Check DXO Photo lab. It can automatically correct photos based on the camera and lens profiles. You can quickly rate the photos by browsing through them and export only the photos which you have rated.


Agisoft Metashape can estimate image quality. This is described in the manual on page 14:

Poor input, e. g. vague photos, can influence alignment results badly. To help you to exclude poorly focused images from processing Metashape suggests automatic image quality estimation feature. Images with quality value of less than 0.5 units are recommended to be disabled and thus excluded from photogrammetric processing, providing that the rest of the photos cover the whole scene to be reconstructed. To disable a photo use Disable button from the Photos pane toolbar.
Metashape estimates image quality for each input image. The value of the parameter is calculated based on the sharpness level of the most focused part of the picture.

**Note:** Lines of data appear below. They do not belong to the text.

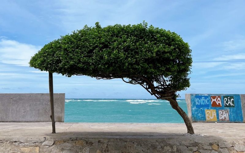 Cuối cùng, bạn đừng quên check-in tại "Cây cô đơn" nằm trên bờ kè - một biểu tượng độc đáo trên đảo Phú Quý thu hút nhiều bạn trẻ đến chụp ảnh.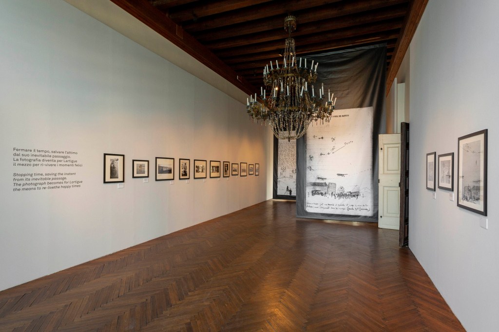 Verranno così svelati dettagli ancora inediti del percorso espositivo che, attraverso 120 immagini – di cui 55 inedite – ripercorre la storia di Lartigue e la sua ricerca ossessiva della felicità e della bellezza. In particolare saranno pubblicate le foto dell’originale allestimento, che mette in scena le gigantografie di alcune pagine dei diari personali e dei 126 album realizzati da Lartigue con i suoi disegni e le sue riflessioni.
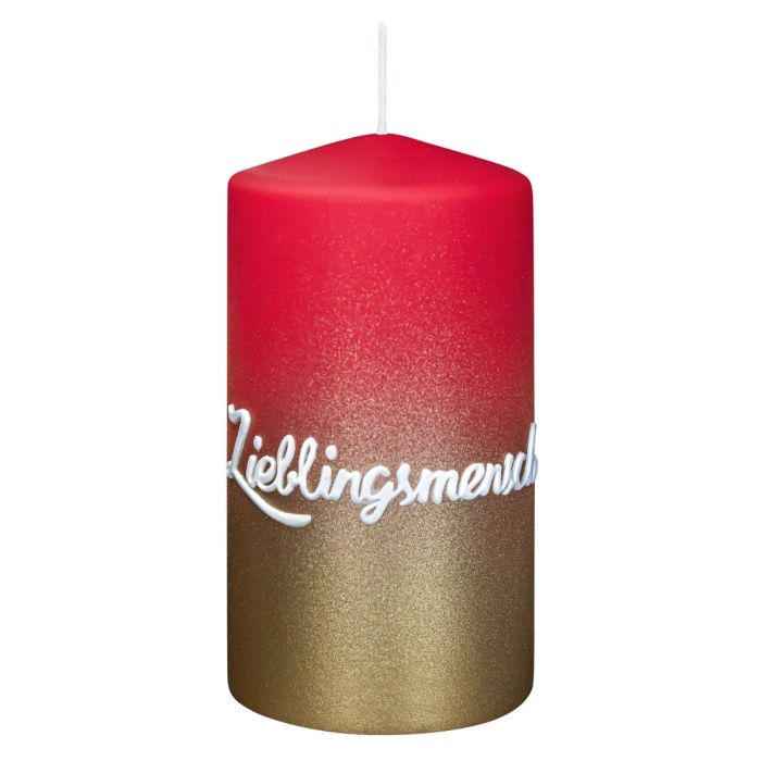 Sentiment candle JARDENA, favourite person in German, antique red-gold, 5.1"/13cm, Ø2.8"/7cm, 52h

Overexposure, underexposure, blurriness all result in loss of information that allows JPEG compression to reduce the files more effectively.

So as a very rough measure, you can sort the JPEG files according to ascending file size and start your culling process from the smallest size. Here the ratio of files you are not interested in keeping should be significantly higher than with those files that have higher file size, assuming similar image taking conditions.

Files taken at higher ISO values, however, will tend to be noisier and noise doesn't compress well. However, it is likely that your camera's noise reduction algorithms will throw away enough information to make those files better compressible again. There might be some point to looking at different ISO values separately, but it depends on your camera's algorithms whether that sort of pre-sorting will make much of a difference.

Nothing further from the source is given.